+ docling file format handler

choinek · choinek · commit 7e71df6b0af7 · 2025-04-26T09:33:03.000+02:00
+ suppport for docx, txt, html,plain, csv, json, xml
+ few fixes
diff --git a/examples/example-word-lorem.docx b/examples/example-word-lorem.docx
diff --git a/text_extract_api/extract/strategies/docling.py b/text_extract_api/extract/strategies/docling.py
@@ -21,9 +21,9 @@ def extract_text(
         self, file_format: FileFormat, language: str = "en"
     ) -> ExtractResult:
         """
-        Extracts text from a PDF file using Docling and returns an ExtractResult.
+        Extracts text from a file using Docling and returns an ExtractResult.
 
-        :param file_format: Instance of FileFormat (only supports PdfFileFormat).
+        :param file_format: Instance of FileFormat (which supports most docling formats).
         :param language: Language of the text (default is 'en').
         :return: ExtractResult containing the extracted DoclingDocument and metadata.
         """
diff --git a/text_extract_api/extract/strategies/ollama.py b/text_extract_api/extract/strategies/ollama.py
@@ -2,7 +2,8 @@
 import tempfile
 import time
 
-import ollama
+import httpx
+from ollama import Client
 
 from extract.extract_result import ExtractResult
 from text_extract_api.extract.strategies.strategy import Strategy
@@ -26,7 +27,6 @@ def extract_text(self, file_format: FileFormat, language: str = 'en') -> Extract
             raise TypeError(
                 f"Ollama OCR - format {file_format.mime_type} is not supported (yet?)"
             )
-
         images = FileFormat.convert_to(file_format, ImageFileFormat)
         extracted_text = ""
         start_time = time.time()
@@ -38,9 +38,10 @@ def extract_text(self, file_format: FileFormat, language: str = 'en') -> Extract
                 temp_file.write(image.binary)
                 temp_filename = temp_file.name
 
-            print(self._strategy_config)
             # Generate text using the specified model
             try:
+                timeout = httpx.Timeout(connect=180.0, read=180.0, write=180.0, pool=180.0)
+                ollama = Client(timeout=timeout)
                 response = ollama.chat(self._strategy_config.get('model'), [{
                     'role': 'user',
                     'content': self._strategy_config.get('prompt'),
diff --git a/text_extract_api/files/file_formats/docling.py b/text_extract_api/files/file_formats/docling.py
@@ -0,0 +1,47 @@
+from typing import Type, Dict, Callable, Iterator
+from text_extract_api.files.file_formats.file_format import FileFormat
+
+
+class DoclingFileFormat(FileFormat):
+    DEFAULT_FILENAME: str = "document.docling"

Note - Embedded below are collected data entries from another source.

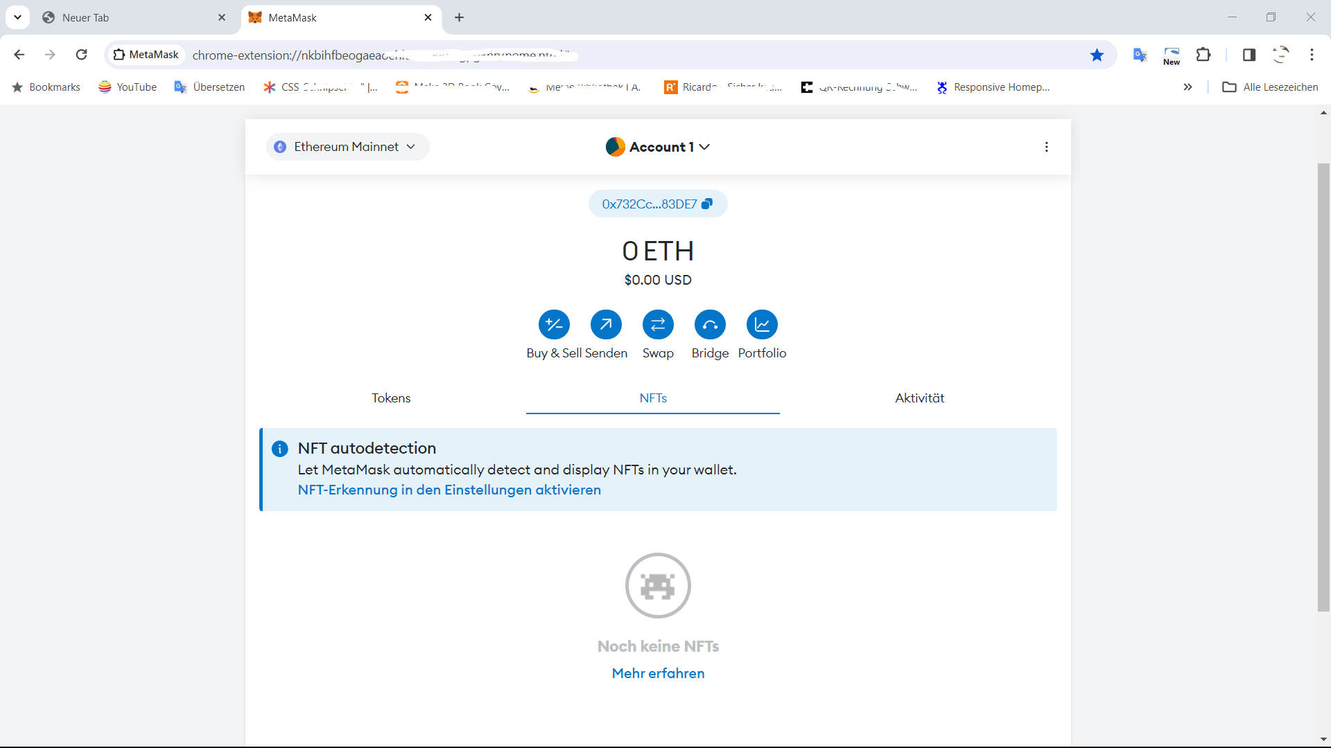 So wird Ihre Wallet in etwa aussehen, wenn Sie das "Füchsli" in der Erweiterung im Browser öffnen.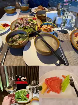 Breakfast is decent, especially after returning from Tokyo - the comparison makes it seem incredibly good. They have knife-cut noodles (delicious), large meat dumplings (delicious), and freshly made jianbing (not good). The baked goods are fine, though the pastries seem to use the wrong butter. The fruit selection is lacking with only two types, and just one type of freshly squeezed juice. Considering the price point, I think it's adequate.
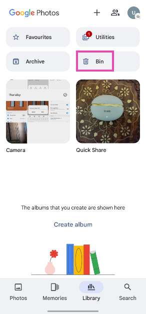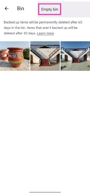 Étape 4 :C'est ici que vous trouverez votreimages récemment supprimées. Appuyez sur leellipseset sélectionnezBac videpour effacer le dossier.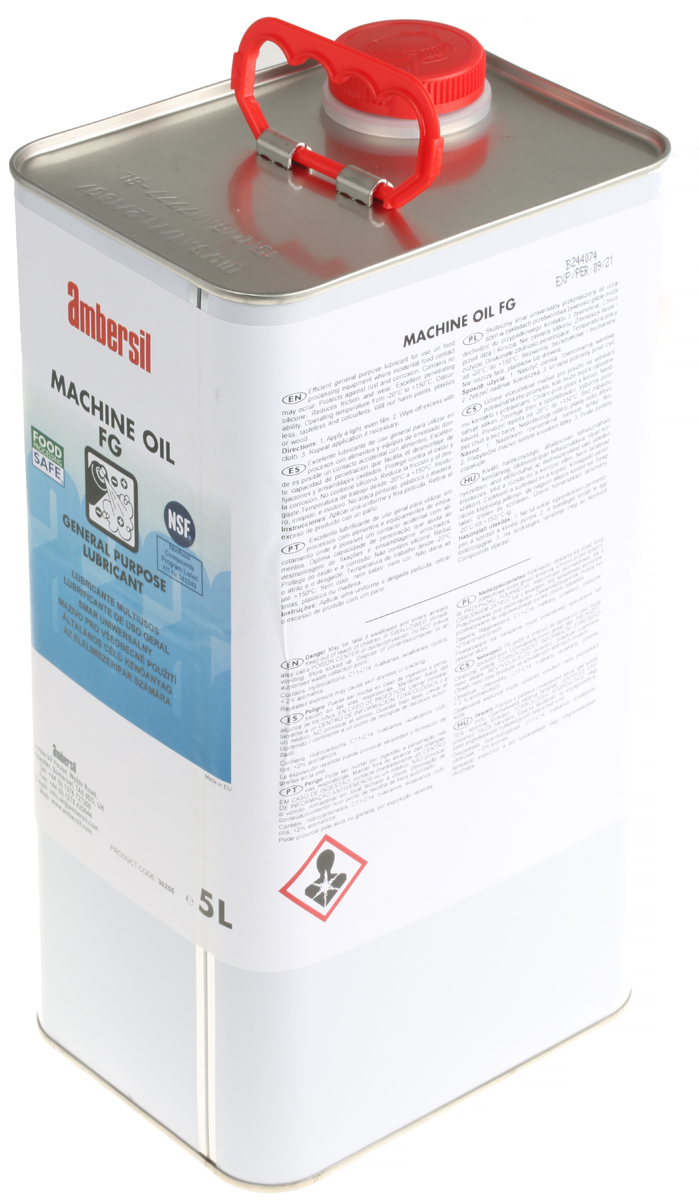 This is 5 L Can Machine Oil for Industrial Machinery manufactured by Ambersil. The manufacturer part number is 31649-AA. It is assigned with a trade name of machine oil fg. Its package size is approximately 5 l . The package is a sort of can. Applications Information involves industrial machinery.

+    DEFAULT_MIME_TYPE: str = "application/vnd.docling"
+
+    @staticmethod
+    def accepted_mime_types() -> list[str]:
+        return [
+            "application/pdf",  # PDF documents
+            "application/vnd.docling",  # Docling documents
+            "text/plain",
+            "text/markdown",
+            "text/html",  # HTML documents
+            "application/msword",
+            "application/vnd.openxmlformats-officedocument.wordprocessingml.document",
+            "application/vnd.oasis.opendocument.text",
+            "application/vnd.ms-excel",
+            "application/vnd.openxmlformats-officedocument.spreadsheetml.sheet",
+            "application/vnd.ms-powerpoint",
+            "application/vnd.openxmlformats-officedocument.presentationml.presentation",
+            "image/jpeg",
+            "image/png",
+            "text/csv",
+            "application/json",
+            "application/xml",
+        ]
+
+    @staticmethod
+    def is_pageable() -> bool:
+        return True
+
+    @classmethod
+    def default_iterator_file_format(cls) -> Type[FileFormat]:
+        return cls
+
+    @staticmethod
+    def convertible_to() -> Dict[Type["FileFormat"], Callable[[], Iterator["FileFormat"]]]:
+        # No specific converters needed as the strategy will handle conversion
+        return {}
+
+    @staticmethod
+    def validate(binary_file_content: bytes):
+        if not binary_file_content or len(binary_file_content) == 0:
+            raise ValueError("Empty file content")
diff --git a/text_extract_api/files/file_formats/file_format.py b/text_extract_api/files/file_formats/file_format.py
@@ -65,6 +65,8 @@ def from_binary(
             filename: Optional[str] = None,
             mime_type: Optional[str] = None
     ) -> Type["FileFormat"]:
+        if mime_type == "application/octet-stream":
+            mime_type = None
         mime_type = mime_type or FileFormat._guess_mime_type(binary_data=binary, filename=filename)
         from text_extract_api.files.file_formats.pdf import PdfFileFormat  # type: ignore
         file_format_class = cls._get_file_format_class(mime_type)
@@ -196,6 +198,7 @@ def unify(self) -> "FileFormat":
     def _get_file_format_class(mime_type: str) -> Type["FileFormat"]:
         import text_extract_api.files.file_formats.pdf  # noqa - its not unused import @todo autodiscover
         import text_extract_api.files.file_formats.image  # noqa - its not unused import @todo autodiscover
+        import text_extract_api.files.file_formats.docling  # noqa - its not unused import @todo autodiscover
         for subclass in FileFormat.__subclasses__():
             if mime_type in subclass.accepted_mime_types():
                 return subclass